*** Dataset ***

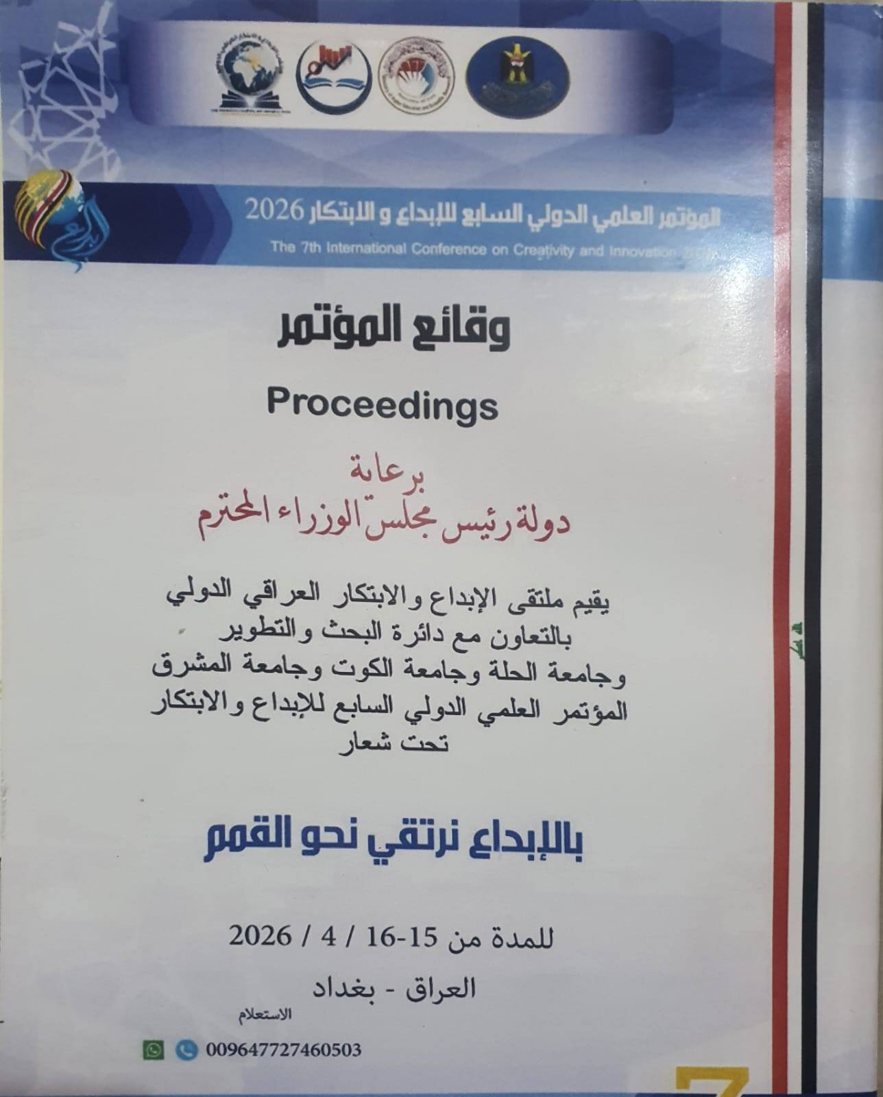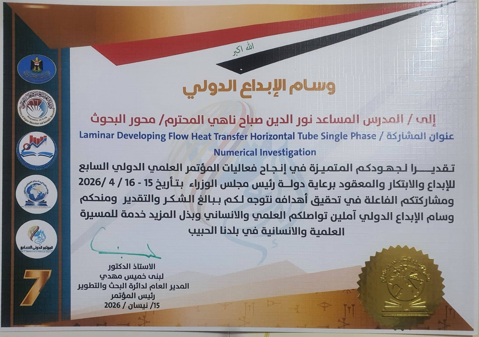شارك المدرس المساعد نور الدين صباح ناهي، التدريسي من كلية الهندسة جامعة ذي قار قسم هندسة الطب الحياتي، ضمن فعاليات المؤتمر العلمي الدولي السابع للإبداع والابتكار، الذي أُقيم تحت شعار (بالإبداع نرتقي نحو القمم) للمدة من 15 – 16 نيسان 2026 في العاصمة بغداد.
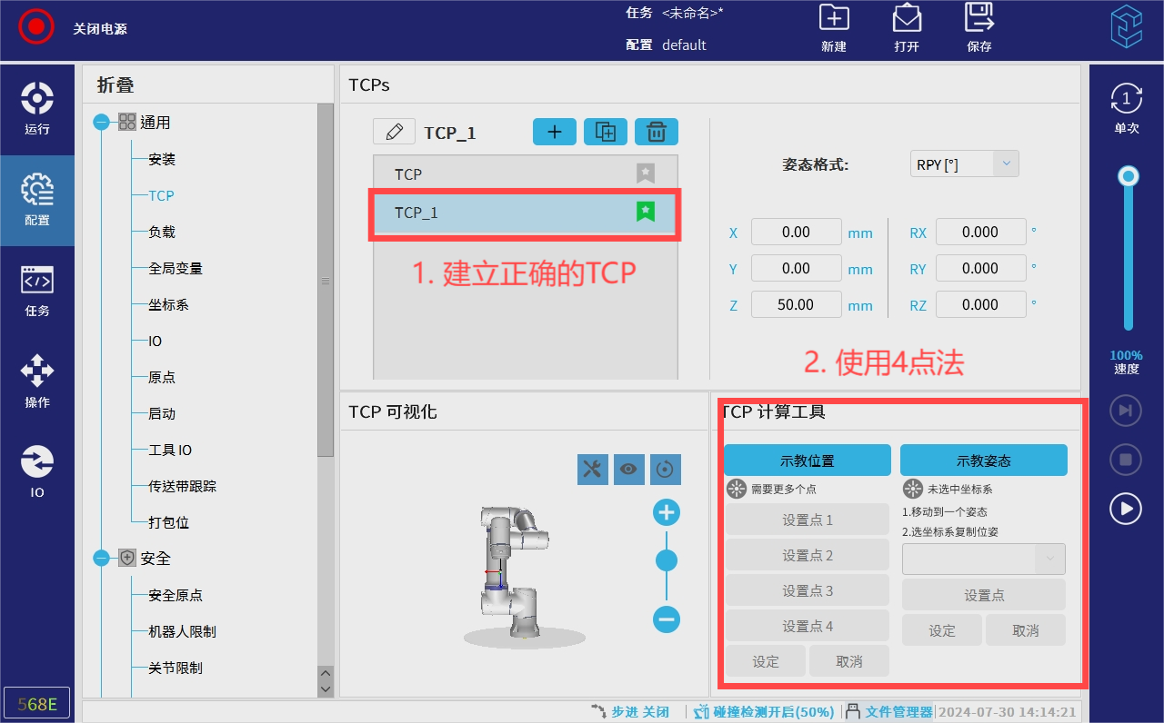 1. 我們在創建安全工具之前首先要建立好正確的TCP工具中心點,在配置-----TCP中創建新的tcp。如下圖:
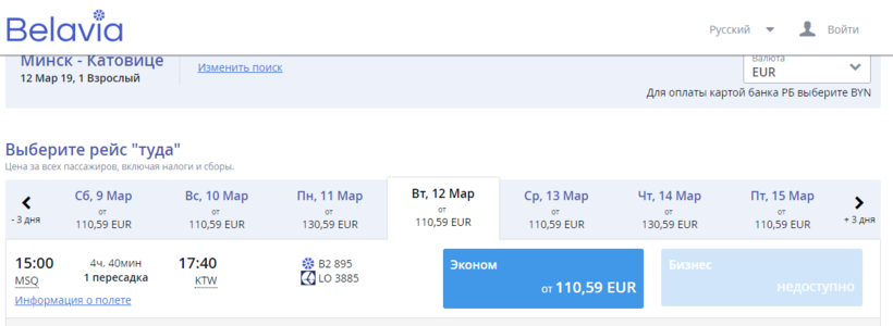 Этот способ предполагает одну пересадку в Варшаве, но я его все равно рекомендую тем, кому не подходят автобусы и кто не располагает большим количеством времени. По этому маршруту летают такие авиакомпании как, к примеру, Wizz Air, LOT, Belavia. По соотношению цена/время в пути мне больше всего понравился такой рейс: за 4 часа 40 минут (включая время на пересадку в Варшаве) Belavia совместно с LOT доставят вас из Международного аэропорта Минск до воздушной гавани Катовице-Пыжовице. Вылет в 15:00, прилет в 17:40 по польскому времени.
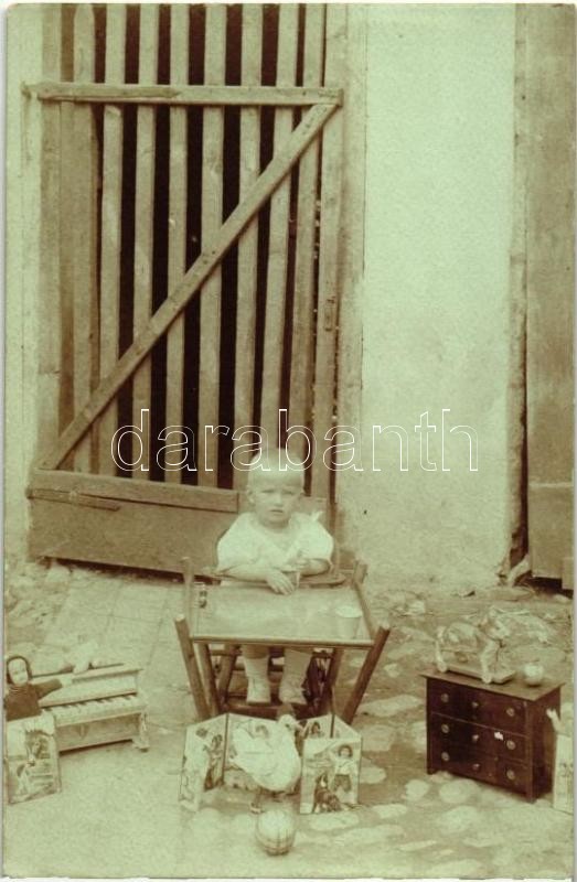 Leírás: 1915 Besztercebánya, Banska Bystrica; Kisgyerek játékokkal / child with toys, photo
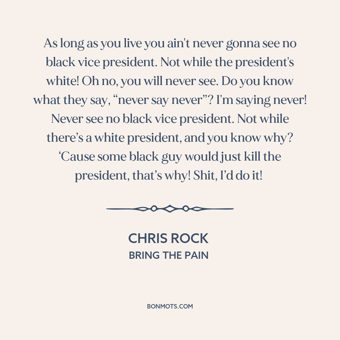 As long as you live you ain't never gonna see no black vice president. Not while the president's white! Oh no, you will never see. Do you know what they say, “never say never”? I'm saying never! Never see no black vice president. Not while there’s a white president, and you know why? ‘Cause some black guy would just kill the president, that’s why! Shit, I’d do it!
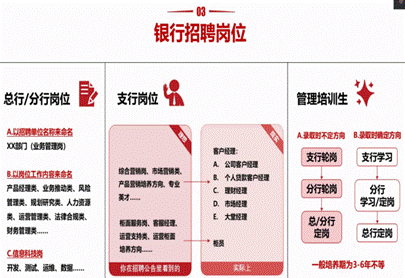邴艺老师的讲座主要分为五部分:银行业务类型介绍、银行组织架构介绍、银行招聘岗位说明、职业发展路径介绍和招聘流程介绍。在业务类型介绍中,邴艺老师以图表形式全面介绍了银行的资产、负债和中间业务;在介绍银行组织架构时,邴艺老师详细说明了总行、分行和支行的联系与区别;在介绍银行招聘岗位和职业发展路径时,通过举例,老师生动地说明了不同岗位的具体工作内容,并点明各岗位的发展趋势和可能性;在介绍招聘流程时,老师从面试官角度,从笔试和面试两方面对同学们应聘给出切实高效的建议,希望同学们在面试中不要泛泛而谈,应当突出自身优势,引起面试官兴趣。
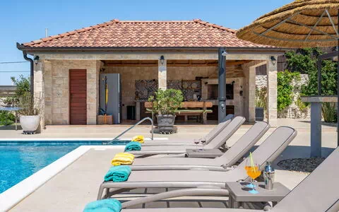 Villa Tanja is a beautiful single-family house located 17 km from the center of Sukošan and 22 km from Zadar, Croatia. This vacation rental offers a private 1'500 m2 fenced property with a seasonal swimming pool (8 x 4 m, depth 140 cm, available from May 1 to October 1), an outdoor shower, internet access, a washing machine, and parking for two cars on the premises.
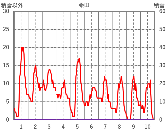 | 日 | 時 | 気温 | 降水 | 風向/風速 | 日照 | 積雪 | 降雪 |
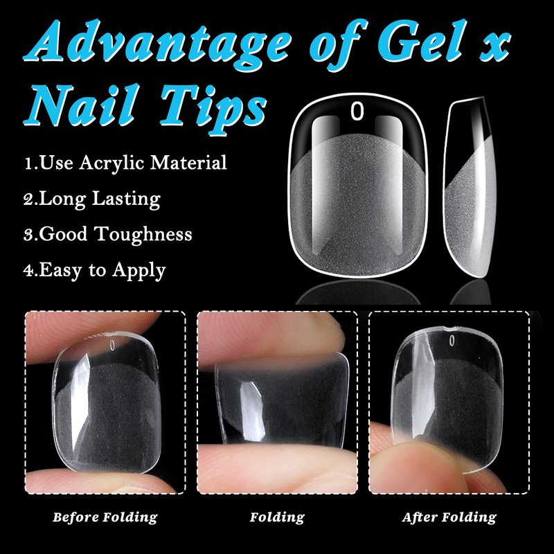 - Practical Short Length Square Gel x Tips: Clear square gel nails short length are full coverage design, full cover nail tips can cover and well fit natural nail bed firmly and evenly. Short gel x tips round square nails provide ease of use for daily activities. Short gel x nails won't affect normal life and work that you can wear short square gel fake nails to typing, cooking, cleaning, gardening, playing with your pet. Short square shape clear false nails tips make your manicure stay flawless.

*** End of Dataset ***

▶ _Action item_: In the data above, please extract the lines from the first one through the line with "1. 我們在創建安全工具之前", exactly, and keep pictures out.

▶ _Response to this task_:
شارك المدرس المساعد نور الدين صباح ناهي، التدريسي من كلية الهندسة جامعة ذي قار قسم هندسة الطب الحياتي، ضمن فعاليات المؤتمر العلمي الدولي السابع للإبداع والابتكار، الذي أُقيم تحت شعار (بالإبداع نرتقي نحو القمم) للمدة من 15 – 16 نيسان 2026 في العاصمة بغداد.
 1. 我們在創建安全工具之前首先要建立好正確的TCP工具中心點,在配置-----TCP中創建新的tcp。如下圖:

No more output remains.